ACTIVITY – Each line below from the "シートは細身だが、予想以上に座りやすくタンデム(2人乗り)もしやすい" line through the "赛道上另一个名场面,真人跑者" line, those two included, must be restated word for word; the pictures must not be.

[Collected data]
----

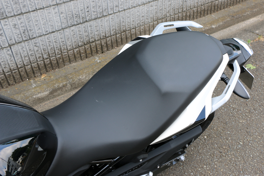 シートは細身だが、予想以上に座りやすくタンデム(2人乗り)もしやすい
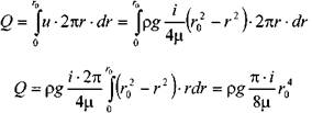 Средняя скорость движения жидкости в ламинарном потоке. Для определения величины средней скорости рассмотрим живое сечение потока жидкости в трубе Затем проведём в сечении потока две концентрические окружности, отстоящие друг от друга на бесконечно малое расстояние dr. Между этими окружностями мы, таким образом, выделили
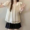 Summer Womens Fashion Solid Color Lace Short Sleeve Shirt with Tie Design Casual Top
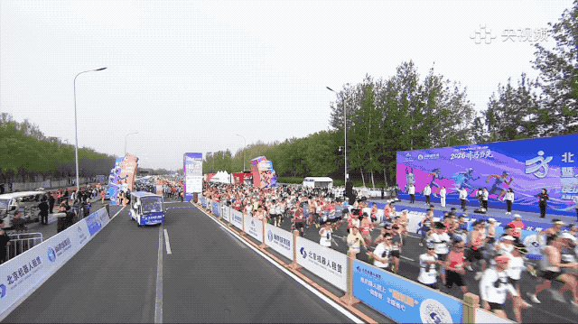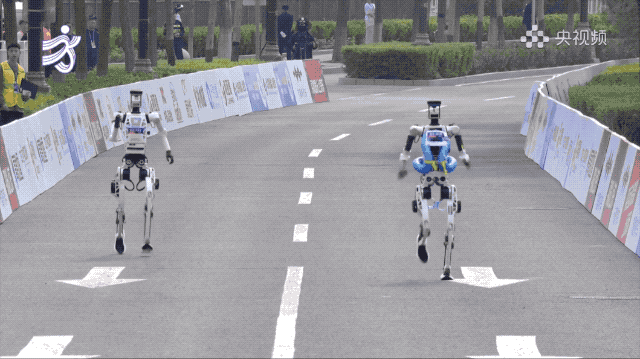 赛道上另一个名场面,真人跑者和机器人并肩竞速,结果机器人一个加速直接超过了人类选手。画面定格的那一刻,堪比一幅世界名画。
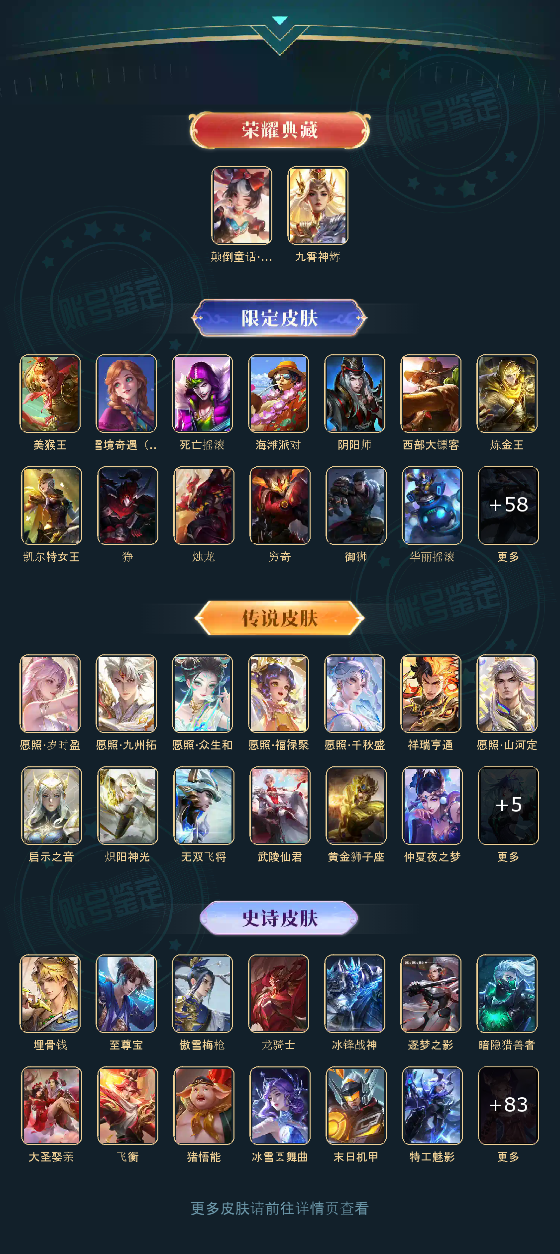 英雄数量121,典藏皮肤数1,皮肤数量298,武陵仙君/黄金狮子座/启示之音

----

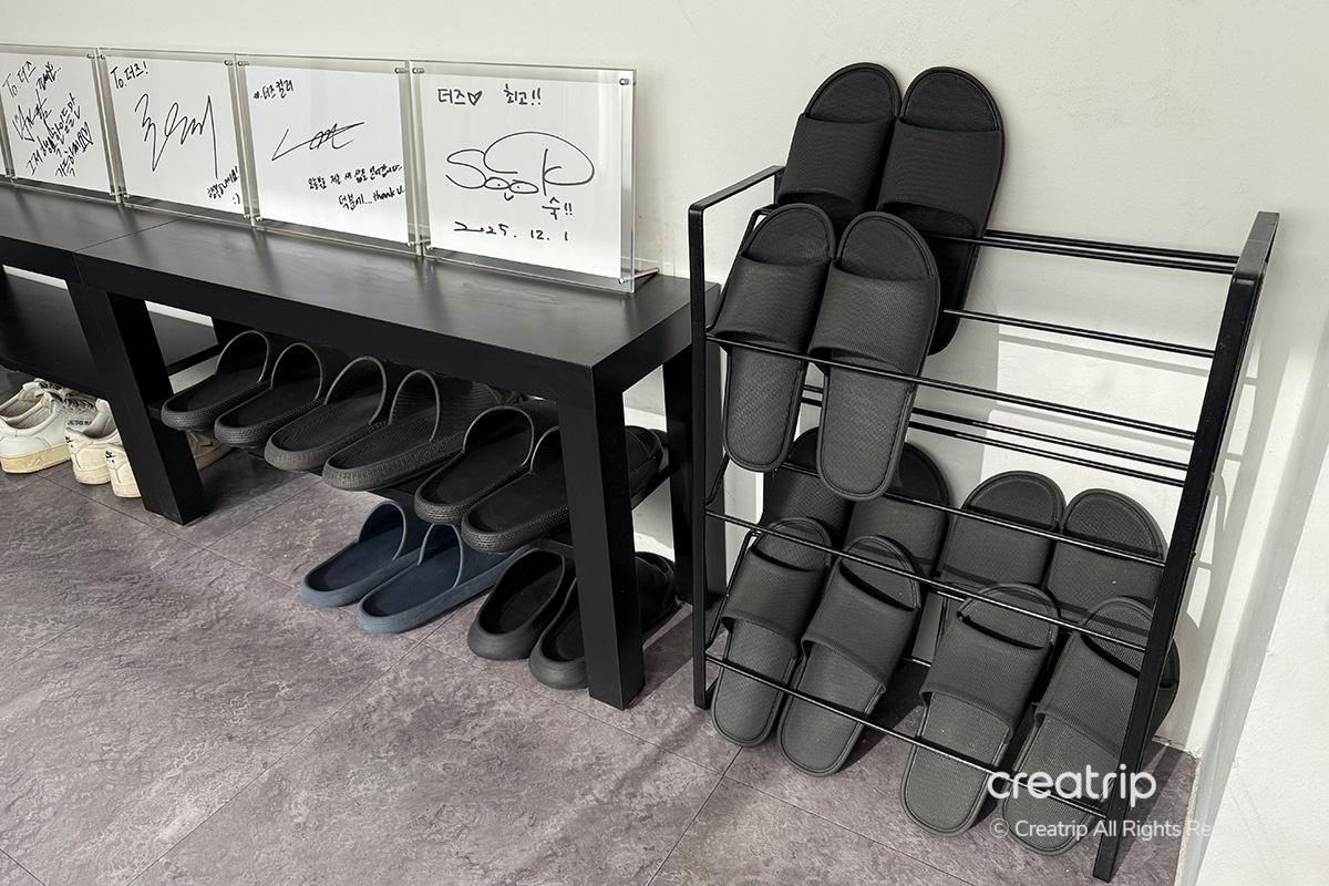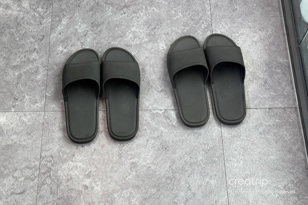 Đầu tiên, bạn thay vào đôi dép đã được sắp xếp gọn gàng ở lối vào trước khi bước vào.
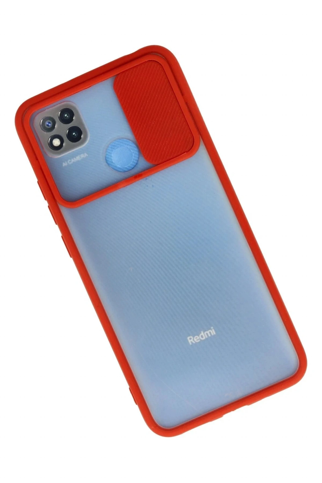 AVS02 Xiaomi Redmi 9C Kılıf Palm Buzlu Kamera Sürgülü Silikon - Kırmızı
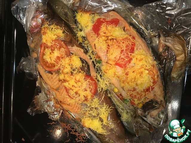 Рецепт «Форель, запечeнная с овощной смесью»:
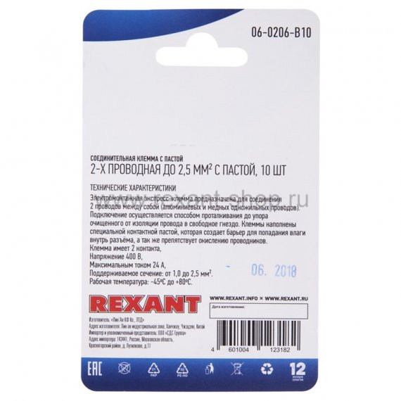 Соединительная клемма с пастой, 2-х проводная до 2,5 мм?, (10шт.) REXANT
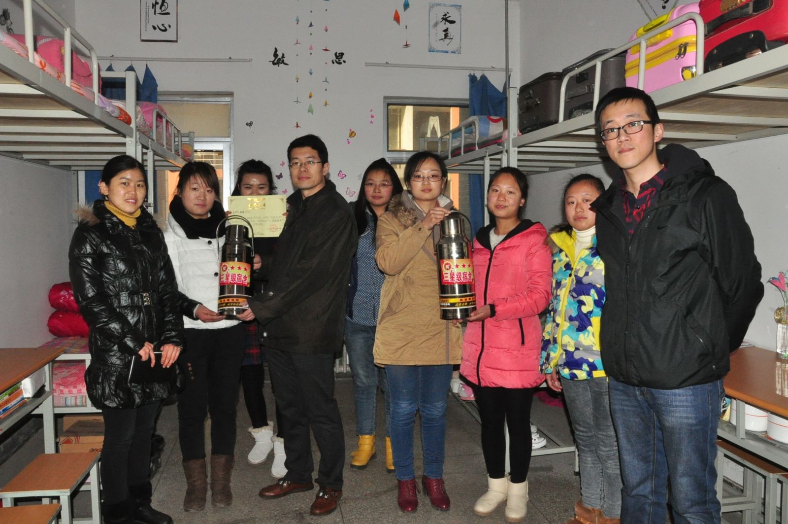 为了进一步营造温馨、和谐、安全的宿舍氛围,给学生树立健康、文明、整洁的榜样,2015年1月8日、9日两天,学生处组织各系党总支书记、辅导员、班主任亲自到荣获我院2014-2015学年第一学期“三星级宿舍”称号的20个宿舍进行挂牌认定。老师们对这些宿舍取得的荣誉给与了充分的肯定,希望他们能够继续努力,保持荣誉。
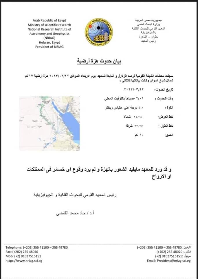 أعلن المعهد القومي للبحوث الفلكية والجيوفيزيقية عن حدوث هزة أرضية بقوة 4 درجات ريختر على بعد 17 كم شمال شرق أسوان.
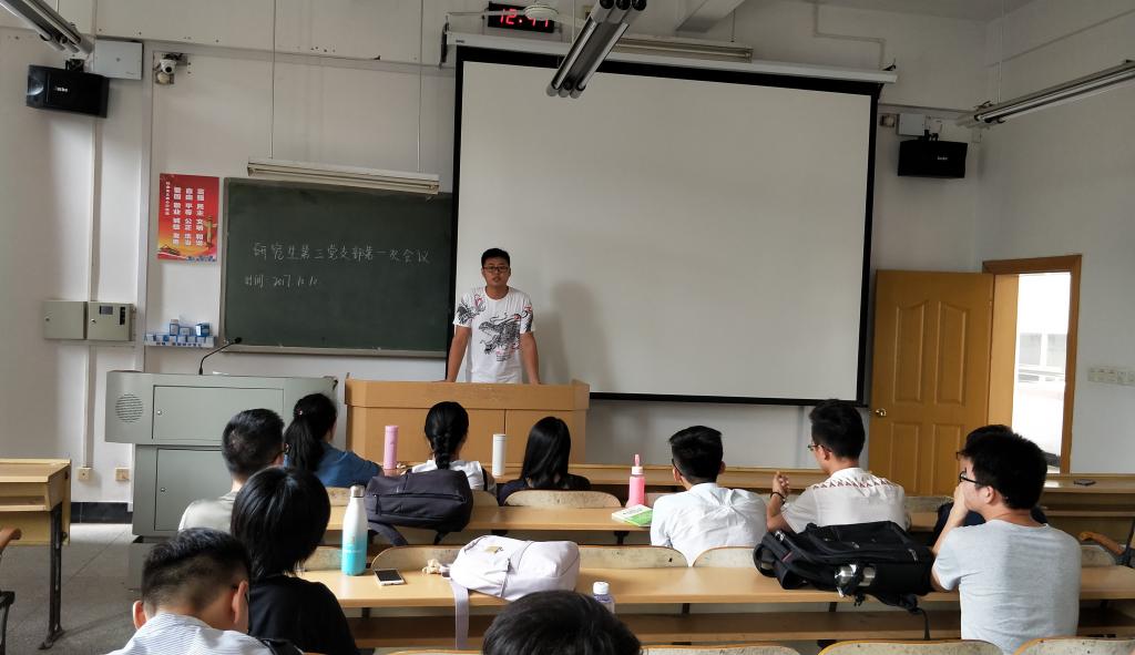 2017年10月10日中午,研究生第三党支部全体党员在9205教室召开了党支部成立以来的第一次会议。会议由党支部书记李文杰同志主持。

----

SOLUTION TO THIS EXERCISE –
 シートは細身だが、予想以上に座りやすくタンデム(2人乗り)もしやすい
 Средняя скорость движения жидкости в ламинарном потоке. Для определения величины средней скорости рассмотрим живое сечение потока жидкости в трубе Затем проведём в сечении потока две концентрические окружности, отстоящие друг от друга на бесконечно малое расстояние dr. Между этими окружностями мы, таким образом, выделили
 Summer Womens Fashion Solid Color Lace Short Sleeve Shirt with Tie Design Casual Top
 赛道上另一个名场面,真人跑者和机器人并肩竞速,结果机器人一个加速直接超过了人类选手。画面定格的那一刻,堪比一幅世界名画。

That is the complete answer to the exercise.